You don't have to search through too many blogs or Slashdot postings to find confidently worded statements like "Garbage collection will never be as efficient as direct memory management." And, in a way, those statements are right -- dynamic memory management is not as fast - it's often considerably faster. The malloc/free
approach deals with blocks of memory one at a time, whereas the garbage collection approach tends to deal with memory management in large batches, yielding more opportunities for optimization
This "plausibility argument" -- that it is easier to clean up a mess in one big batch than to pick up individual pieces of dust throughout the day -- is borne out by the data.

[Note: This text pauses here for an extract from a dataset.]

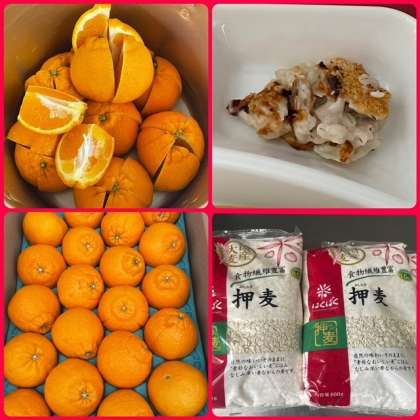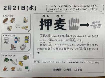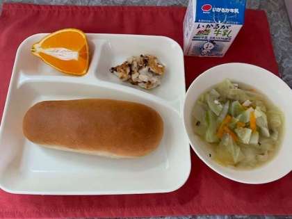 本日の献立は、押麦のグラタン、豚肉と野菜のスープ、デコポン、黒糖パン、牛乳です。
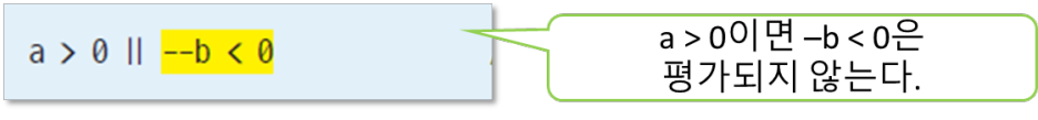 - 'expr1 || expr2'에서 expr1이 참이면 expr2는 평가되지 않는다.

One study (Zorn; see Resources) also measured the effects of replacing malloc with the conservative Boehm-Demers-Weiser (BDW) garbage collector for a number of common C++ applications, and the result was that many of these programs exhibited speedups when running with a garbage collector instead of a traditional allocator. (And BDW is a conservative, nonmoving garbage collector, which greatly constrains its ability to optimize allocation and reclamation and improve memory locality; exact relocating collectors such as those used in JVMs can do far better.)
A generational garbage collector divides the heap into multiple generations; most JVMs use two generations, a "young" and an "old" generation. Objects are allocated in the young generation; if they survive past a certain number of garbage collections, they are considered "long lived" and get promoted into the old generation.